5.1 Roadmap for the Adoption of Generative AI
AI integration must be planned. If done haphazardly, it exposes the company to major legal and financial risks.
5.1.1 Risks of Shadow AI
Shadow AI refers to the use of AI tools by employees without company approval or oversight.
Why is this dangerous?
- Security: sensitive data leaks to public tools.
- Legal: licensing issues (who owns the generated code?).
- Quality: no validation of generated results.
Red thread: MagicFridge
Before the official implementation of GUS, an impatient developer secretly used a free online AI to fix his bugs. He copy-pasted the entire source code of the payment module.
Consequence: MagicFridge's proprietary code potentially ends up in a third-party company's training database.
5.1.2 Key Aspects of a GenAI Strategy
To succeed, the strategy must define:
- Objectives: what do we want to improve? (Speed? Coverage? Cost?).
- Compliance: adherence to GDPR and the AI Act.
- Data quality: AI cannot test well if input specifications are bad ("Garbage In, Garbage Out").
5.1.3 Selecting Models: LLM vs. SLM
It is not just about the giants (Gemini, GPT-5, Claude 3). The syllabus introduces an important distinction for the exam:
- LLM (Large Language Model): huge, generalist models, very "intelligent" but slow and expensive.
- SLM (Small Language Model): compact models, fewer parameters, faster, cheaper, and hostable locally.
Selection criteria: model performance, recurring cost, fine-tuning potential, community and support.
Red thread: MagicFridge
The MagicFridge CTO must choose models for two tasks:
- Task A: creative recipe brainstorming.
- Choice: LLM (e.g., Gemini). Need for creativity and immense general knowledge. The cost is acceptable as it is occasional.
- Task B: code completion for developers.

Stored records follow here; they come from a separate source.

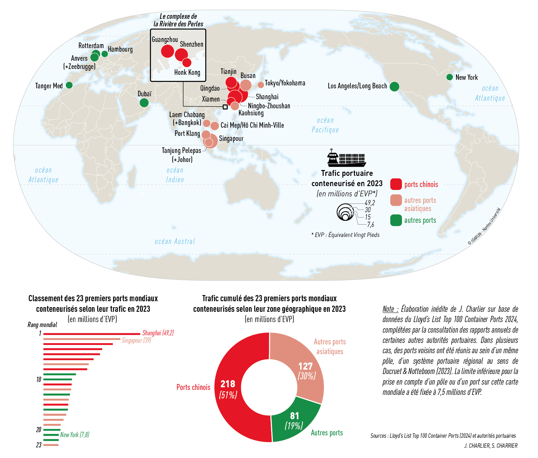 Note : Élaboration inédite de J. Charlier sur base de données du Lloyd’s List Top 100 Container Ports 2024, complétées par la consultation des rapports annuels de certaines autres autorités portuaires. Dans plusieurs cas, des ports voisins ont été réunis au sein d’un même pôle, d’un système portuaire régional au sens de Ducruet & Notteboom (2023). La limite inférieure pour la prise en compte d’un pôle ou d’un port sur cette carte mondiale a été fixée à 7,5 millions d’EVP.
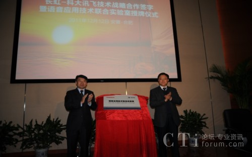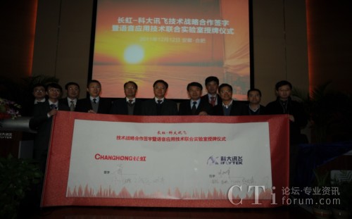 CTI論壇(ctiforum)12月14消息(記者 潘婷婷): 12月12日,科大訊飛與長虹集團(tuán)戰(zhàn)略合作簽約暨共建聯(lián)合實(shí)驗(yàn)室揭牌儀式在科大訊飛語音產(chǎn)業(yè)基地研發(fā)大樓隆重舉行。根據(jù)合作框架協(xié)議,雙方將在戰(zhàn)略聯(lián)盟的基礎(chǔ)上,以共建聯(lián)合實(shí)驗(yàn)室為主要載體,旨在依托各自行業(yè)領(lǐng)域的長期積淀優(yōu)勢、強(qiáng)強(qiáng)聯(lián)合,達(dá)成戰(zhàn)略互信,加強(qiáng)緊密合作,積極推動(dòng)“語音核心引擎+智能終端平臺(tái)” 的特色應(yīng)用模式,深入拓展智能語音科技在智能電視等終端產(chǎn)品市場的應(yīng)用范圍,合力開創(chuàng)智能語音終端創(chuàng)新應(yīng)用市場空間。
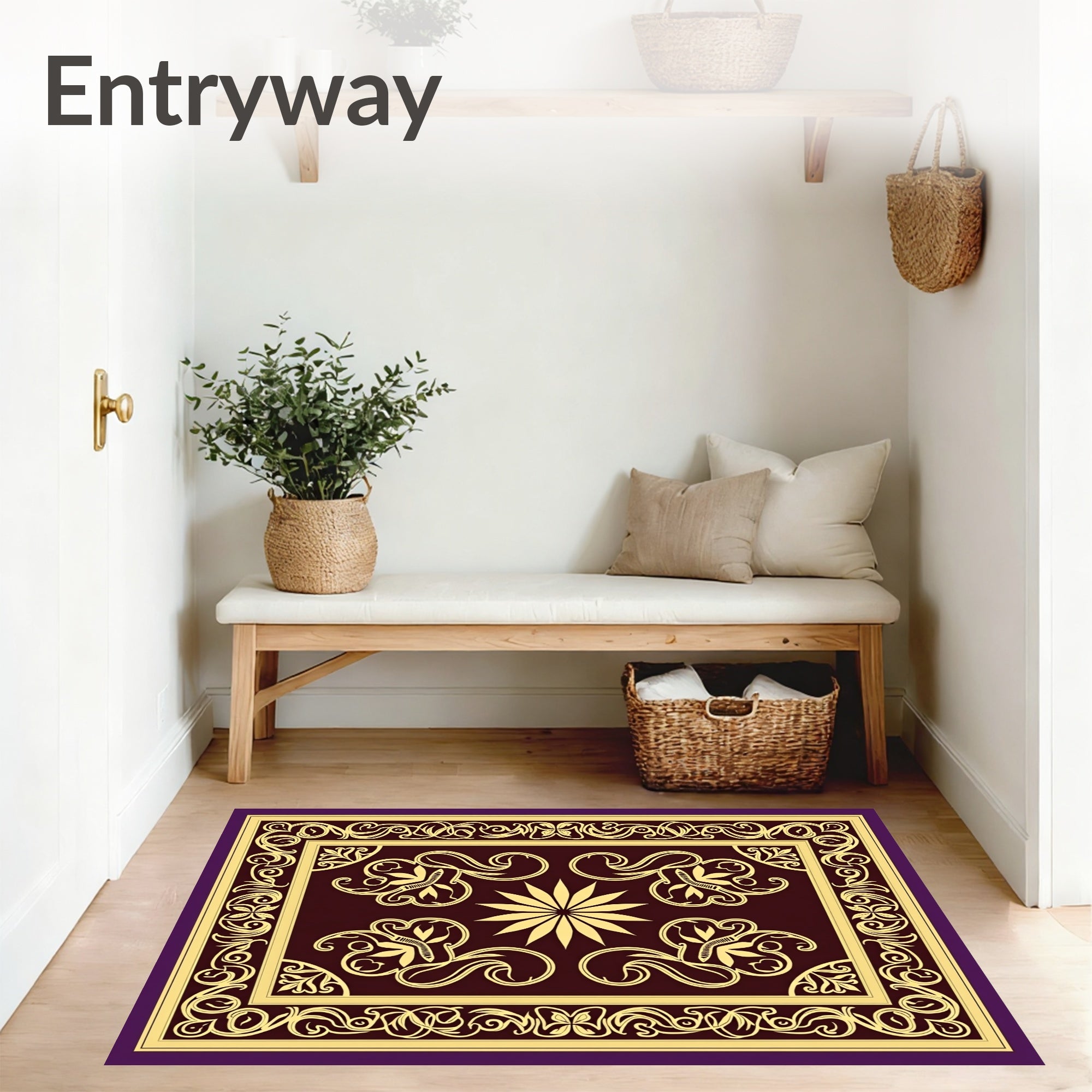 Flatwoven High Traffic Area Rug, Art Sunburst and Scrollwork Mosaic, Non Slip, Stain Resistant, Washable Area Rugs for Living Room, Bedroom (Brown) Overview:
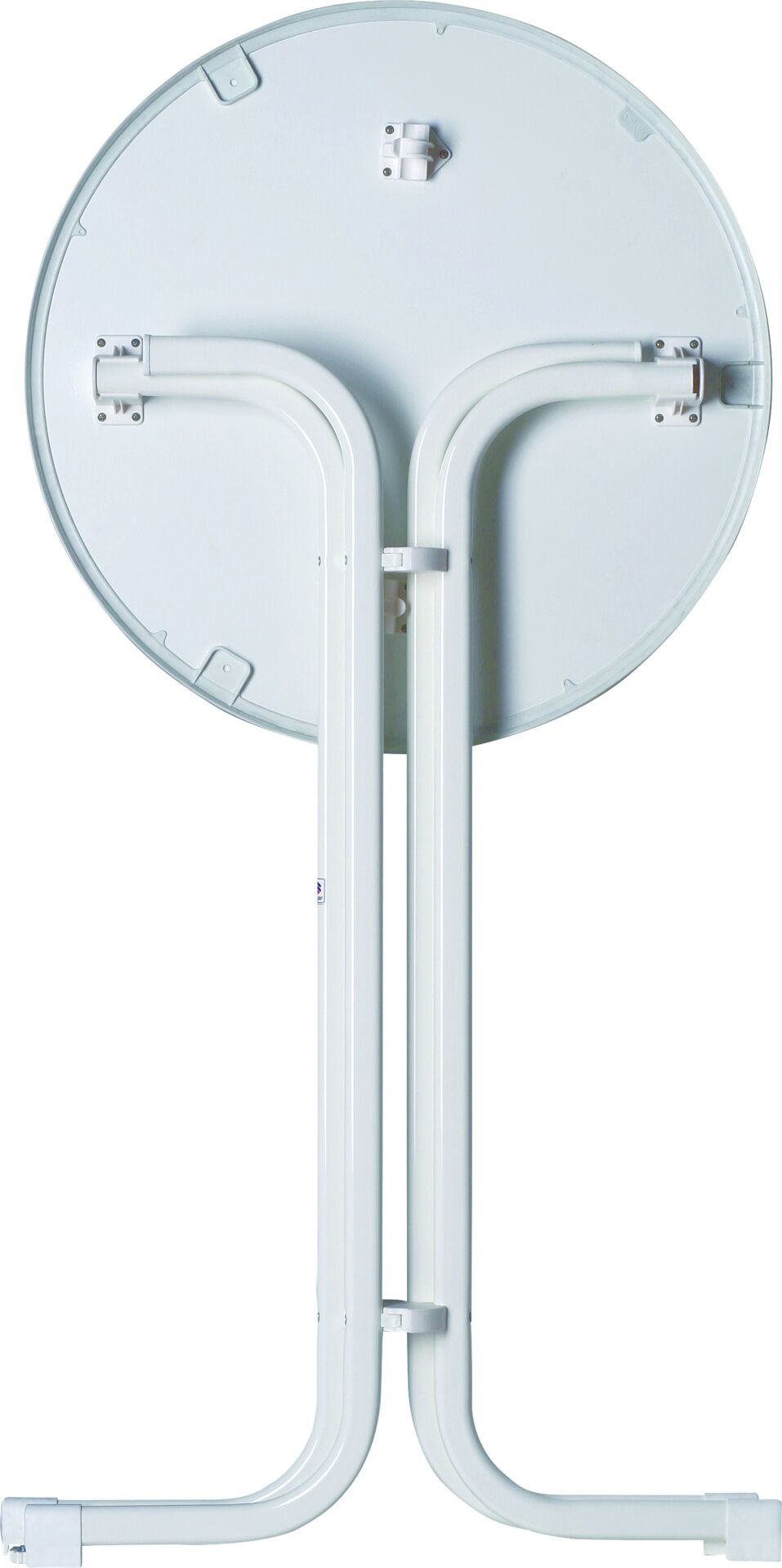 In der Aufbewahrung sehr platzsparendTischplatte aus MDF. Gestell aus Stahlrohr &OSlash; 28x1,2 mm mit Pulverbeschichtung.Farbe: weiß&OSlash;xH in cm: 70x110
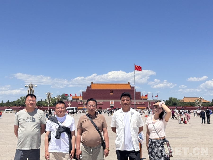 圖為西藏自治區(qū)昌都市洛隆縣文藝代表團在天安門廣場合影

- Choice: SLM (e.g., a specialized model with 7 billion parameters). It must be ultra-fast (milliseconds) and run locally to prevent code leaks.
5.1.4 Adoption Phases
The ISTQB defines 3 classic phases:
- Discovery: awareness, training, isolated PoCs (Proof of Concept).
- Initiation and usage definition: selection of priority use cases, infrastructure setup (RAG).
- Utilization and iteration: widespread deployment, ROI measurement, continuous improvement.
🎓 Syllabus point (key takeaways)
- Shadow AI: security enemy #1.
- Strategy: must include clear objectives and a strict data policy.
- Selection: do not neglect SLMs (Small Language Models) for specific tasks requiring speed and confidentiality.